Mr. Renzi’s Excellent Adventure

Author: Rik // Filed under: Congress // No Comments »

As a Republican Congressman you know that the one sign that you are officially fucked is when the Wall Street Journal (aka. The Paper of Record for Incredibly Wealthy Campaign Donors) goes front page with an investigation of your corrupt dealings.

He was so blatant in an attempt to extort a large copper company by forcing them to buy an alfalfa field owned by a business partner that they (knowing he’s one of the main proponents for extractive industries in Congress) started cooperating with the FBI. His Chief of Staff was so freaked out that he resigned and started cooperating with the FBI. And Paul Charlton, the US Attorney overseeing the case being built against this lock-step supporter of the Prezzz, was one of the USA 8 that got whacked by Gonzales.

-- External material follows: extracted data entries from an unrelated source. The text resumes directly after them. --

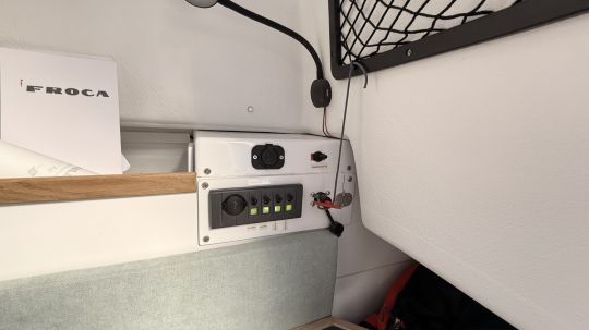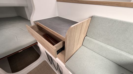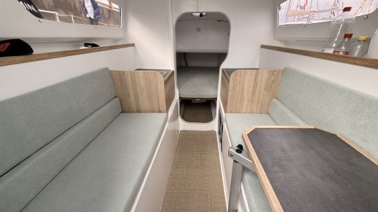 Le volume intérieur du 26.5 constitue une avancée notable dans la gamme. La cabine avant, séparée par une toile, propose une couchette double de 1,40 m à la tête, rétrécie à 1 m au pied. Le carré, avec une hauteur sous barrots de 1,80 m, comprend deux banquettes latérales pouvant être transformées en couchettes d'environ 60 cm de large (extension des couchette dans le passage le temps de la nuit). L'équipement intérieur reste basique : un évier, un petit réchaud, de l'eau douce et un espace toilette sous la couchette avant. Cette configuration cible clairement les sorties de quelques jours, sur plans d'eau côtiers, en conservant un minimum de confort pour une famille de quatre personnes.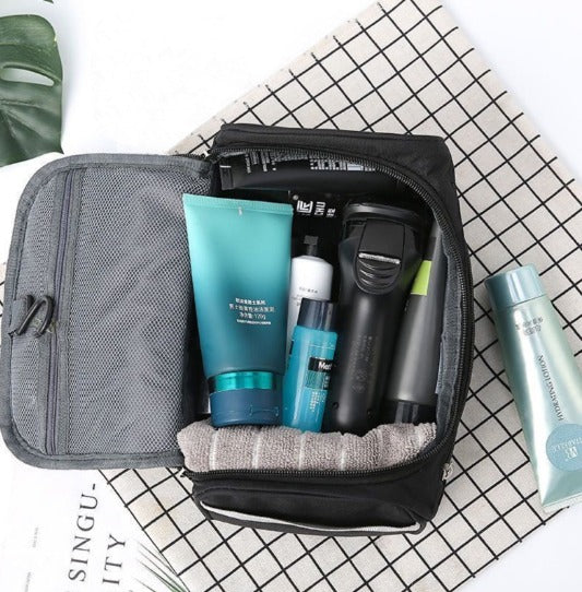 L'organizer da toilette da uomo impermeabile David è progettato per gli uomini moderni che apprezzano la praticità e lo stile. Il suo materiale impermeabile garantisce che i tuoi oggetti essenziali rimangano protetti da schizzi e umidità, rendendolo perfetto per i viaggi o l'uso in palestra. Con un interno spazioso, può ospitare facilmente tutti i tuoi articoli per la toelettatura e gli articoli da toilette.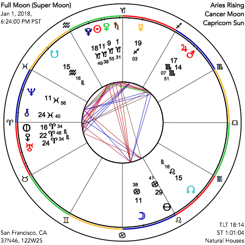 That this Full Moon comes on the very first day of a new year is also of course quite poignant. All individuals everywhere are hoping for the world to somehow hew more closely to their wishes, whether for prosperity, their freedom, greater available love, or world peace. This is very much in keeping with the strongly Neptunian tenor of these times, and of this Full Moon in particular. We now have our ideals on full display. We are also subject to the illusion of an easy path to our innermost wishes, even though Saturn, newly arrived in his home sign of Capricorn, is telling a different story. As this second decade of the 21st century draws nearer to its close, the future that we want to see emerging is doable, and as singer-songwriter Paul Simon says, “only a motion away,” but it will take lots of hard work on the part of everyone to see it through.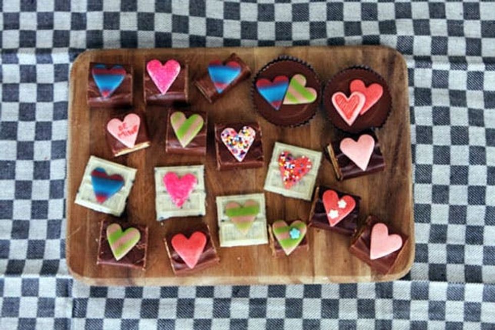 4. Repurpose Candy Bars + Starburst: Don’t have time to make your own treats? Hack it up with a few classics. We took Milky Ways, Snickers and Twix and topped them with Airheads and Starburst we cut out with mini cookie cutters. So fun!
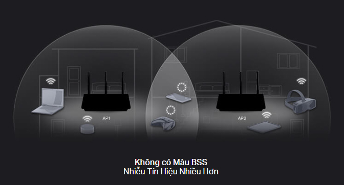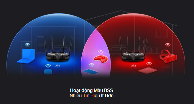 - WIFI ÍT NHIỄU HƠN – Giảm nhiễu xuống mức thấp nhấy từ tín hiệu lân cận để cải thiện hiệu suất truyền tải với màu BSS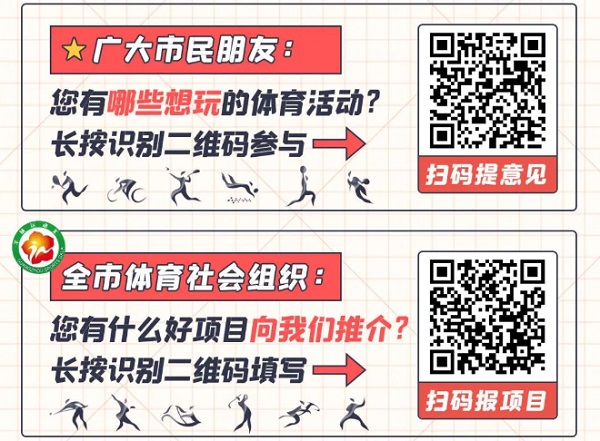 新的一年,广州市体育局、广州市体育总会坚持“人民体育人民办、人民体育为人民”原则,邀请广大市民及体育社会组织为2023年“羊城运动汇”赛事活动“玩什么、怎么玩”建言献策。在2023年2月10日前参加“我想玩的体育活动”“我有好项目推荐”两项征集活动,来提出您的宝贵意见吧!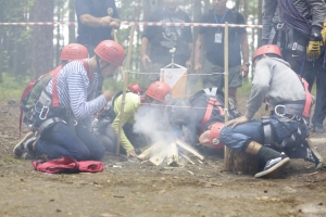 На следующем этапе ребята разводили костёр при помощи огнива. Требовалось не только зажечь огонь, но и поддерживать его до тех пор, пока он не пережжёт верёвку, натянутую над костром.

The one moment of pause I have in all this is a grudging admiration for the wiley structures of Republican corruption. The Dems got Jefferson of Louisiana hiding bricks of cash in the high five figures in a refrigerator. The Repubs got dudes like Renzi with a network of shell companies and money laundering fronts that wash ill-gotten gains from overpriced land sold in trade for his votes on various issues.

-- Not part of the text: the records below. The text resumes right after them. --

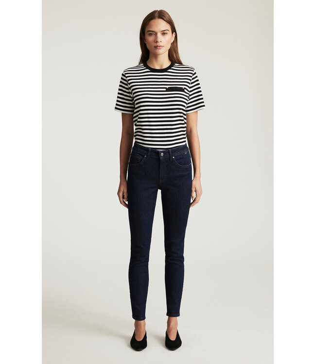Tess is a modern high rise with a super-skinny leg. The contemporary fit is often finished in an ankle length. This pair is finished in a midnight blue rinse wash.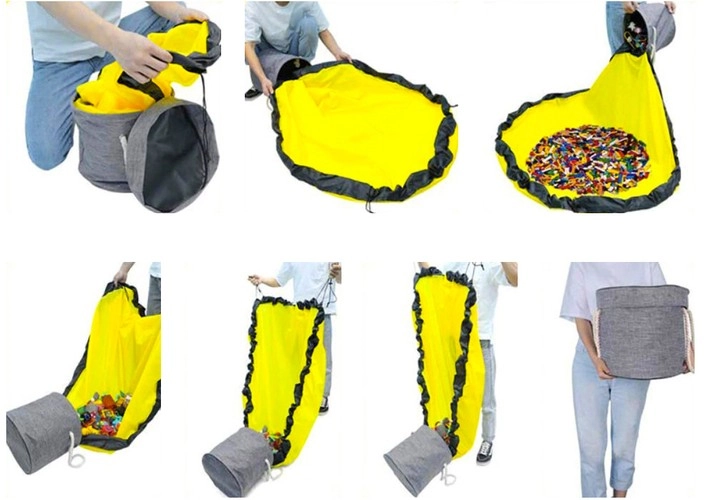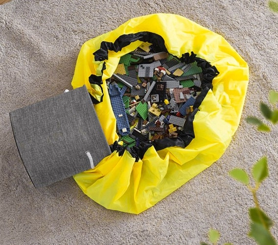 Laota laiali suur matt (Ø 135 cm), lase lastel mängida ja tõmba lõpetamisel lihtsalt stoppersulguriga nöörist – mänguasjad libisevad hetkega korvi.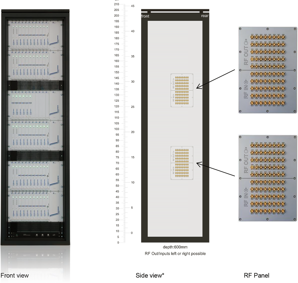 為了靈活因應不同測試環境與烘箱佈局,TSQA-1X80PM 提供兩組 RF 面板端子,可選擇安裝於設備的左側或右側,每個面板包含40 組輸出端與 40 組輸入端,並隨附 160 條長度為 1 公尺的 RF 線材,方便 DUT 連接與快速佈線。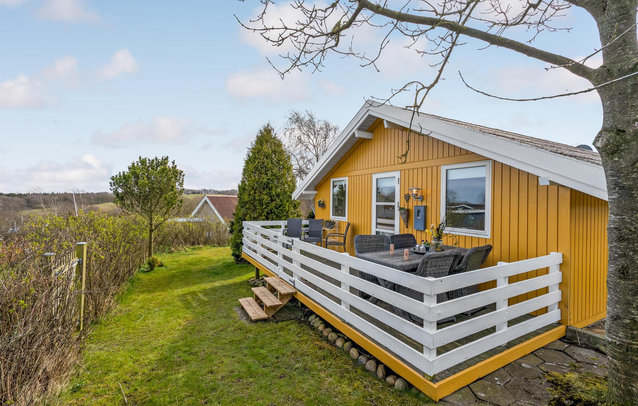 Solgult feriehus i Eskov Strandpark med terrasse, brændeovn og udsigt til landskab tæt på stranden.

I mean…bricks of cash vs. multi-million dollar land swaps. We gotta pick up our game, y’all.

April 14, 2007

Tim Walz, and President Comb-Licker

Author: Bill // Filed under: Congress, Hypocrisy (theirs) // No Comments »

Two things, that dovetail. Sort of.

First off, did you hear Tim Walz on NPR’s Midday yesterday? I knew I liked the guy (I did volunteer for him, you know) but, man, is he good or what? He spoke quite clearly about the need for foriegn policy that focuses on more than just defense. I don’t often hear lawmakers speaking that keep me that interested for that long. Sadly I missed the Q & A session, but luckily there are livebloggers for that sort of thing. He makes me that much more proud of our Democratic Congress. As always, to keep up on what Tim Walz is doing at anytime of the day (a herculean task), check out Ollie over at Bluestem Prairie..

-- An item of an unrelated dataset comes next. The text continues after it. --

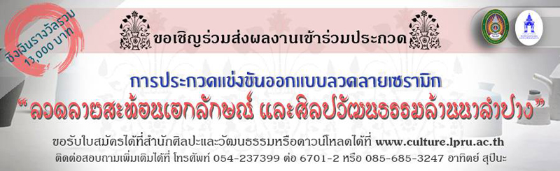 หัวข้อ : ขอเชิญร่วมส่งผลงานเข้าร่วมประกวด การประกวดแข่งขันออกแบบลวดลายเซรามิก ลวดลายสะท้อนเอกลักษณ์และศิลปวัฒนธรรมล้านนาลำปาง

In other news, a(nother) Bush appointee, shockingly, is drowning in his own corruption. Paul Wolrowitz, who screwed the pooch with such breathtaking ease on the war, got a promotion to President of the World Bank! Because such wonderful pooch-screwing should be shared with the developing world. Anyway, Wolfowitz went on a crusade against corruption.

“Corruption is often at the very root of why governments do not work,” Wolfowitz argued in a speech in Indonesia in April 2006.

Wolfowitz, being one of the masterminds of our current situation in Iraq, decides to fight corruption, with (wait for it) corruption! He got his girlfriend a sweet, under-the-table spot on the World Bank payroll.

Someone tell me this was some kind of genius maneuver. A kind of corruption trojan horse, wherein he tricks African “strong men” and Banana Republic dictators into thinking he’s not that different from them, and then, when they least expect it, smacks ‘em upside the head with accountability and transparency. Anyone? Bueller?

Needless to say, the Europeans are “delighted” and I’m hopeful that they’ll run him out of town on a rail.

Oh and just in case you’re having trouble linking a name with a face, recall this priceless moment, thanks to Youtube.

Now, this highlights exactly what Tim Walz was talking about. Only in a world where security is lone focus of foriegn policy would a hawkish yet neo-con idealogue like Paul “comb-licker” Wolfowitz be appointed to the a humanitarian organization like the World Bank. And, of course, he screwed the pooch there, just like he did on Iraq. Way to go, team!